Dataset records
• • • •

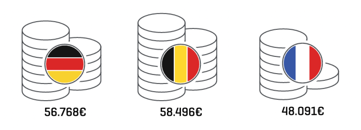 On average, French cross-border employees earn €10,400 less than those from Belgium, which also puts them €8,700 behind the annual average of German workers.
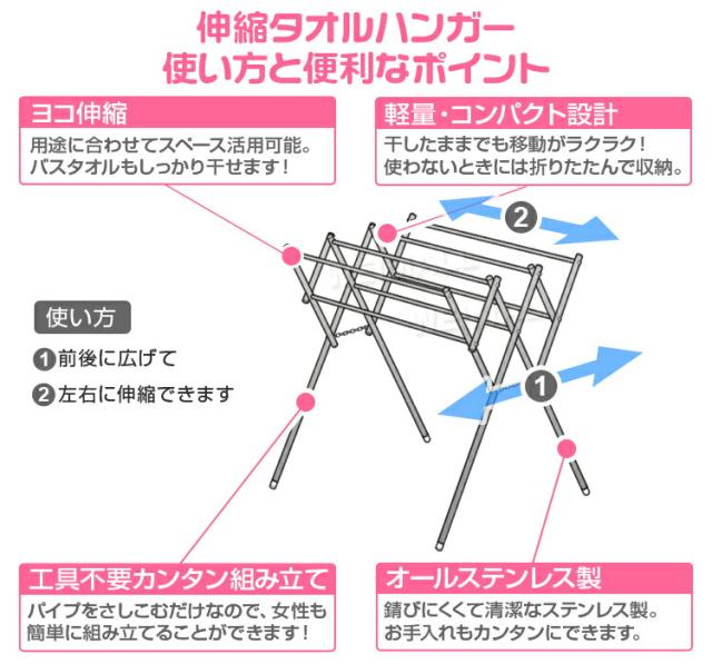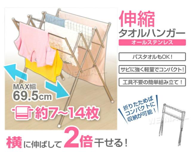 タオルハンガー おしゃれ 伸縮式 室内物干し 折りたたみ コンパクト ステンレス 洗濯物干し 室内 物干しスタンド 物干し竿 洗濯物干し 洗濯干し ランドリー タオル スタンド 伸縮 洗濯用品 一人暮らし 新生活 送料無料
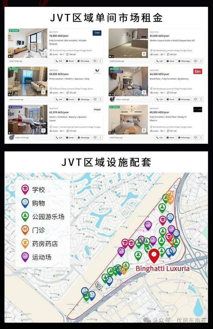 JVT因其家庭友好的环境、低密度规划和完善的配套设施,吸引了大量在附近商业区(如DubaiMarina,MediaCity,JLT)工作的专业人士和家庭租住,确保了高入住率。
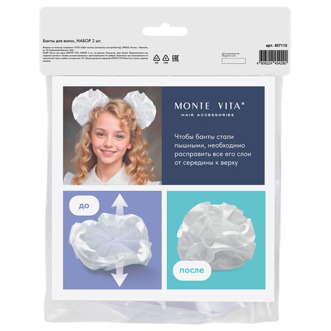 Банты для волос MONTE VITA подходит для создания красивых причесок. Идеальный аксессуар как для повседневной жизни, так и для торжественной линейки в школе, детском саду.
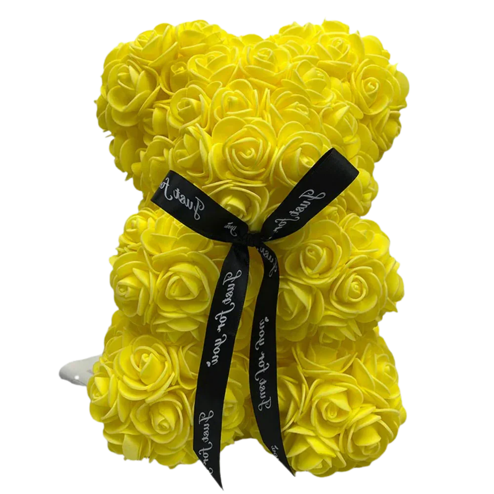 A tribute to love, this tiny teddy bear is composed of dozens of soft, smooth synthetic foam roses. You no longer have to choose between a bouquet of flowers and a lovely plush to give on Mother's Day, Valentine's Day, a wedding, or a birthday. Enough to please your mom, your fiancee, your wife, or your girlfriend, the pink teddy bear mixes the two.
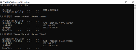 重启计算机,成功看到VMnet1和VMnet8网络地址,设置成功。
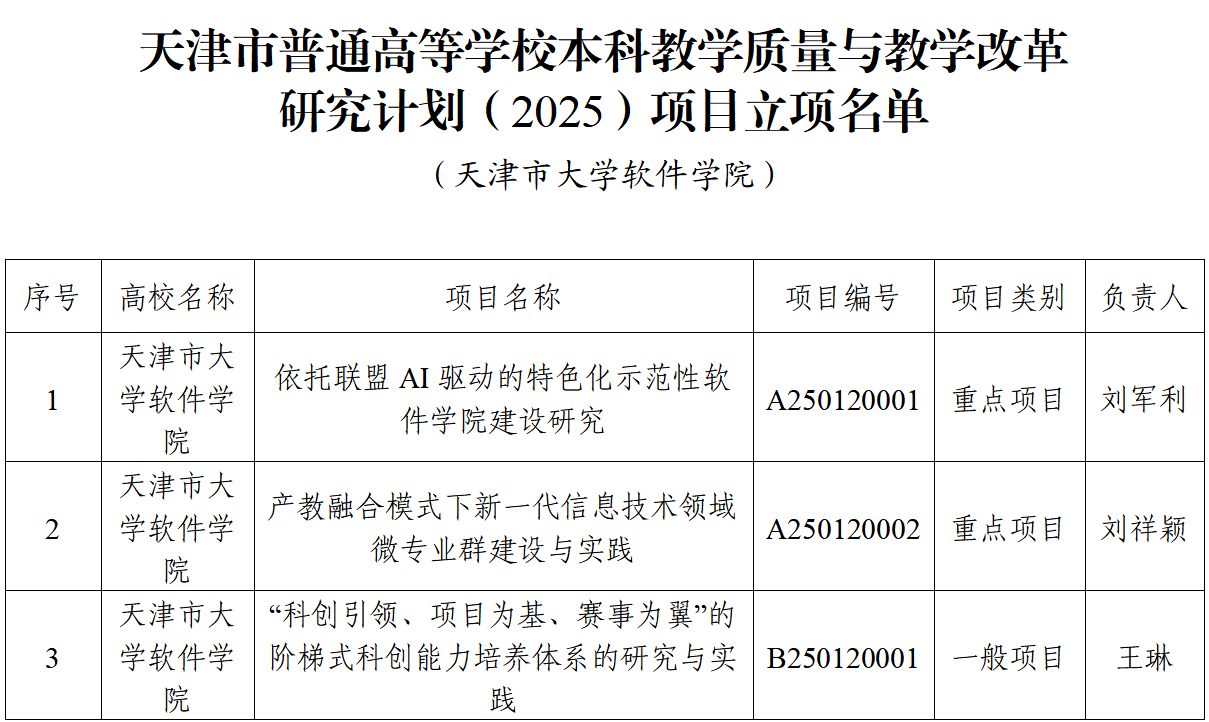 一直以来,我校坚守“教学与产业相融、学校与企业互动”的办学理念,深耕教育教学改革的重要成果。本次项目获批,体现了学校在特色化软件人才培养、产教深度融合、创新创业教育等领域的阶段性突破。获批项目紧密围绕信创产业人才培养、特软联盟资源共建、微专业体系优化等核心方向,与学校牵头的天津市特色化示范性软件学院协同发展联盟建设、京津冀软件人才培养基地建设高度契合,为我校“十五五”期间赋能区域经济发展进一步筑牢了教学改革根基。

• • • •

> _WHAT TO WORK ON_
Each line from the one holding "A tribute to" through the last line of the records above must be duplicated exactly, and pictures must not be.

> _RESPONSE TO THIS EXERCISE_
 A tribute to love, this tiny teddy bear is composed of dozens of soft, smooth synthetic foam roses. You no longer have to choose between a bouquet of flowers and a lovely plush to give on Mother's Day, Valentine's Day, a wedding, or a birthday. Enough to please your mom, your fiancee, your wife, or your girlfriend, the pink teddy bear mixes the two.
 重启计算机,成功看到VMnet1和VMnet8网络地址,设置成功。
 一直以来,我校坚守“教学与产业相融、学校与企业互动”的办学理念,深耕教育教学改革的重要成果。本次项目获批,体现了学校在特色化软件人才培养、产教深度融合、创新创业教育等领域的阶段性突破。获批项目紧密围绕信创产业人才培养、特软联盟资源共建、微专业体系优化等核心方向,与学校牵头的天津市特色化示范性软件学院协同发展联盟建设、京津冀软件人才培养基地建设高度契合,为我校“十五五”期间赋能区域经济发展进一步筑牢了教学改革根基。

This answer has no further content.